Preferably, in the preparation method of the honeysuckle, the reaction temperature is 20-30 ℃; further preferably, the reaction temperature is room temperature (25 ℃).
Preferably, in the preparation method of the honeysuckle, the polylysine and the gold source are mixed with the silver source and then mixed with the reducing agent for reaction within 45 seconds.
Preferably, in the preparation method of the honeysuckle nanometer flower, the polylysine has the mass concentration of 4 multiplied by 10 - 4 wt%-6×10 -4 An aqueous solution of polylysine in wt%; further preferably, the polylysine has a mass concentration of 5×10 -4 An aqueous solution of polylysine in wt%.
Preferably, in the preparation method of the honeysuckle, the mass ratio of the polylysine to the gold source is (0.03-0.1): 1, a step of; further preferably, the mass ratio of the polylysine to the gold source is (0.05-0.08): 1.
preferably, in the preparation method of the honeysuckle, the molar ratio of the silver source to the gold source is 1 (9-15); further preferably, the molar ratio of the silver source to the gold source is 1 (11-13).
Preferably, in the preparation method of the honeysuckle, the silver source comprises at least one of silver nitrate, silver fluoride, silver sulfate and silver acetate; further preferably, the silver source comprises silver nitrate.
Preferably, in the preparation method of the honeysuckle nanometer flower, the gold source comprises at least one of chloroauric acid, potassium chloroaurate, sodium chloroaurate and ammonium chloroaurate; further preferably, the gold source comprises chloroauric acid.
Preferably, in the preparation method of the honeysuckle, the reducing agent comprises at least one of citric acid, ascorbic acid, tartaric acid and hydrazine sulfate; further preferably, the reducing agent comprises ascorbic acid.
A third aspect of the present invention provides the use of a honeysuckle flower according to the first aspect of the present invention in the photo-thermal and/or biomedical fields.
Preferably, in the application, the photo-thermal field includes photo-thermal anti-tumor, photo-thermal bacteriostasis or photo-thermal sensing.
Preferably, in said application, the biomedical field comprises a pharmaceutical carrier or a nanoenzyme.
The beneficial effects of the invention are as follows:
the invention can obtain the honeysuckle material with good biocompatibility and high physical and chemical stability by a one-pot green synthesis method.
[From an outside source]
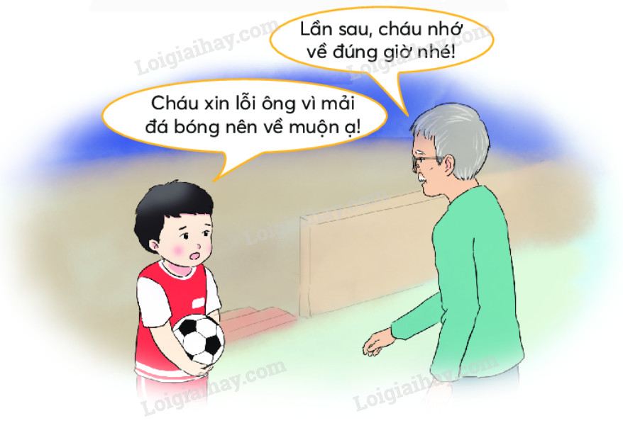 Cháu: Cháu xin lỗi ông vì mải đá bóng nên về muộn ạ!

The synthesis method has the advantages of simple steps, green and safe, high efficiency and rapidness, and mass production.
In particular, the invention has the following advantages:
1. according to the invention, polylysine is introduced as a crystal face sealing agent and a stabilizing agent of the honeysuckle, so that uniform growth of a branch structure of the honeysuckle is accurately controlled, and the preparation of the honeysuckle with controllable morphology, uniform particle size, high biological safety and stable physicochemical property is realized.
2. The preparation method of the honeysuckle nanometer flower is completed by a one-pot method, and has the advantages of simple preparation steps, green, safe, high efficiency, high speed and mass production.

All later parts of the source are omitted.